Bertha is not necessarily well-known for her inclination to discuss the weightier matters. In fact that word you have been hearing so much lately—frivolous—is probably more on the mark.
One of those charming and frivolous products that deserves discussion though, is that breakfast food known as cold cereal which is so characteristic of the American cultural scene, which scene by the way is disappearing rapidly and needs to be preserved.
So, Cheerios, Wheaties and Corn Flakes are older than I am. They were the breakfast of everyone, champions or losers, back in the in the 40s when I was part of the cereal generation.
Excluding oatmeal, I suppose, Corn Flakes is arguably the mother of them all and was “discovered” by John Harvey Kellogg when he was busy making bland food for the patients at his health spa. He hoped the bland food would have a calming effect on some of his patients.. He accidentally overcooked a batch of corn “stuff” which turned it into flakes instead of sheets. (I can only imagine sheets.) Not wanting to throw them out, he served them to the patients, who, interestingly, preferred flakes to sheets. And that was the last time that cereal was thought to have a calming effect on anyone. So cereal came to have historical, if not nutritional or intrinsic value.
Fast forward a couple hundred years from now, though, to when archaeologists excavate certain buildings belonging to this decade. They will no doubt proclaim that little round “O’s (are there any other kind?) must have had religious significance and therefore intrinsic value back then, uh now.
During the 70s when I was raising kids, cereal was the quintessential junk food. There was a national uproar over the lack of food value in something that was used to feed seventy percent of the country’s kids who were just on their way out the door to catch the school bus; in spite of the fact that cold cereal was single-handedly responsible for helping all of those children not miss the bus and therefore morning arithmetic.
But wait, that was back when this country was way ahead of the rest of the world in all of the smart indices. Do you suppose there is a direct correlation between eating junk food and intellect? Well, maybe not. It doesn’t take a genius to figure out what tastes better.
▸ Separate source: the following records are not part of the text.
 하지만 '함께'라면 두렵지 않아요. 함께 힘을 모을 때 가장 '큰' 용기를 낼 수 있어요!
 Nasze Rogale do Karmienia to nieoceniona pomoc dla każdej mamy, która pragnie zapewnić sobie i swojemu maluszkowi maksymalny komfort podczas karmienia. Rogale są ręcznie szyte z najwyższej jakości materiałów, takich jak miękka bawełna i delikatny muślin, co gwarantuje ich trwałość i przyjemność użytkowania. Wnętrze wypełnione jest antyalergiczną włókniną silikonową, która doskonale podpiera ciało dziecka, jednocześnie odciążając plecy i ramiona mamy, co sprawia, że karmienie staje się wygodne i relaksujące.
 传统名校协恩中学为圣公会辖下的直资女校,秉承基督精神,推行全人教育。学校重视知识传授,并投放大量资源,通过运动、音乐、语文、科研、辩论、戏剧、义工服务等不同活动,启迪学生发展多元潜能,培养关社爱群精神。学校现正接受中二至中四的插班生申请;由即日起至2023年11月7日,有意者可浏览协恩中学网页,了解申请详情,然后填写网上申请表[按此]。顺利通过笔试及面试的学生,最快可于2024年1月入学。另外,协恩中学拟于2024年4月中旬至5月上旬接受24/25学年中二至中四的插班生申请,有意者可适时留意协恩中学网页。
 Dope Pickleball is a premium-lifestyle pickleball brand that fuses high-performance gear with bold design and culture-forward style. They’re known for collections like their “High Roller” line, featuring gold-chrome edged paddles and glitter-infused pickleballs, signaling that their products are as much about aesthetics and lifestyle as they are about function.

Well, that decade may have been the beginning of the socialization of cereal. Someone made the manufacturers put all of the natural nutrients and fibers back into the cereal and take the sugar out. And thus the dumbing down of American school children had begun.
Thanks to some good PR, cereal’s reputation is of late considerably improved. The PR blitzes began way before this however. The industry long ago began to market their product to kids. There are the leprechaun/elf-based marketing strategies which are some of the oldest due to the fact that fairies are immortal. And there are the animal mascot approaches, some of which feature kid-friendly tigers, rabbits and roosters which are septuagenarians. And there are the all-American athlete angles. Willie Mays used to grace a box of Wheaties back in the day.
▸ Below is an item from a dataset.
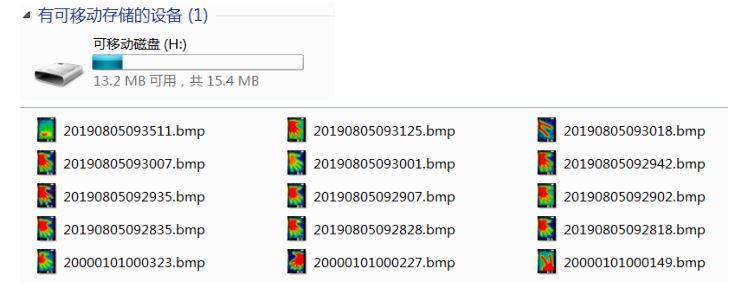6. Computer copy pictures: Use a Micro USB data cable to connect to a computer, and it will be automatically recognized as a mobile disk. The image file name format is: year+month+day+hour+minute+second.bmp. Note: The computer operation is limited to deleting or previewing pictures, please do not place other files on the mobile disk, and do not edit and modify the pictures on the mobile disk. It is recommended to fully charge it and turn it off before connecting to your computer.
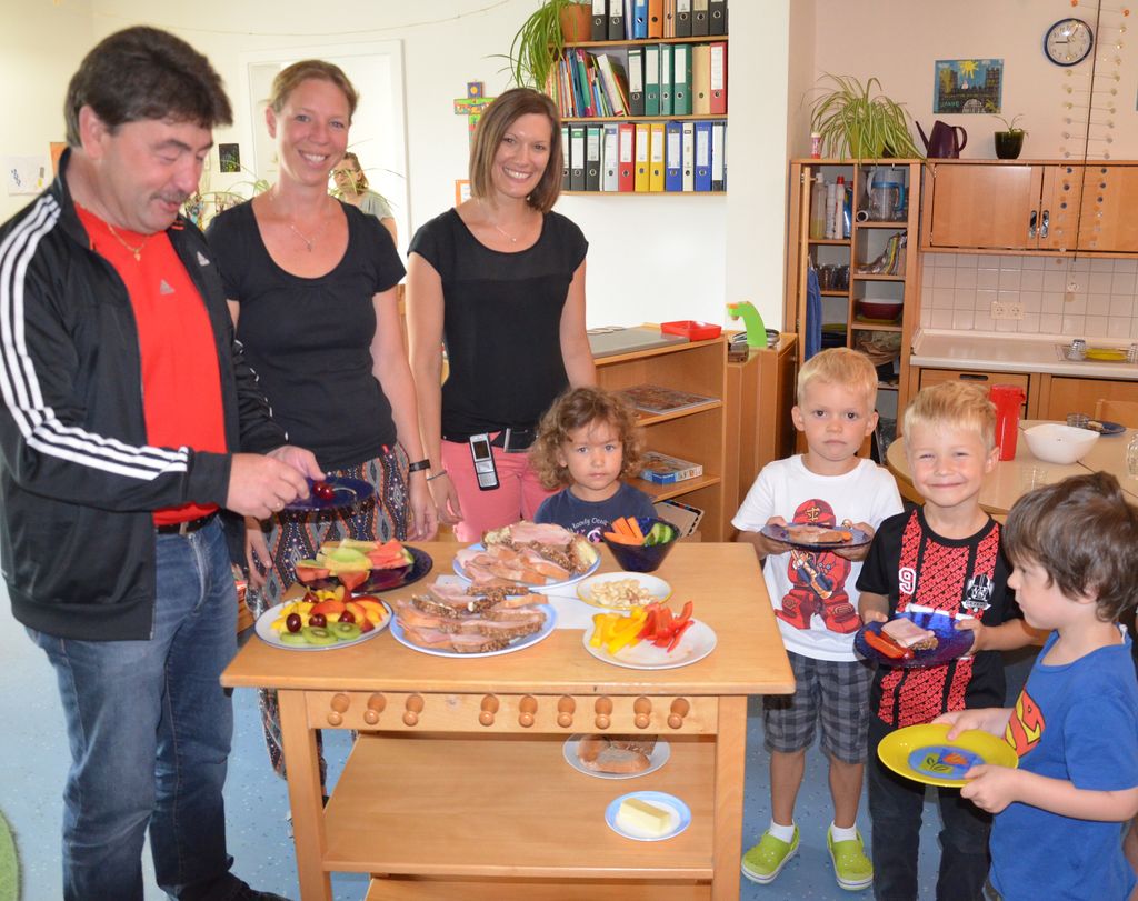 Foto: Bürgermeister Alfons Neumeier und die Erzieherinnen Manuela Schlösser und Bianca Breböck (von links), mit Kindern bei der „Gleitenden Brotzeit“

And alternatively then and now there are the mothers who are desperately trying to maintain control over the contents of the shopping cart. As early as the 70’s cereal had become a method of advancing one’s social status. Children wanted the flashy, colorful, expensively packaged kinds which they ate while they wore their Calvin Klein or Jordache jeans. Cereal boxes and jeans are alike that way sometimes. What goes into them is sometimes worth less than the packaging.
As for me and Mr. B. we have arrived at the age, in this decade, where the only cereals under consideration reside on the top row of the cereal aisle. That makes sense if your marketing target is kids. However, we grew out of our jeans and flashy cereals some time ago. But it is unfortunate that we practically have to get a chair to view the top row of cereal boxes through our bifocals. And we can barely read the nutrition facts at all.
While sitting at the kitchen table reading the cereal box the other day though, I was amused to see, in big letters, that I had bought “Granola—without raisins.”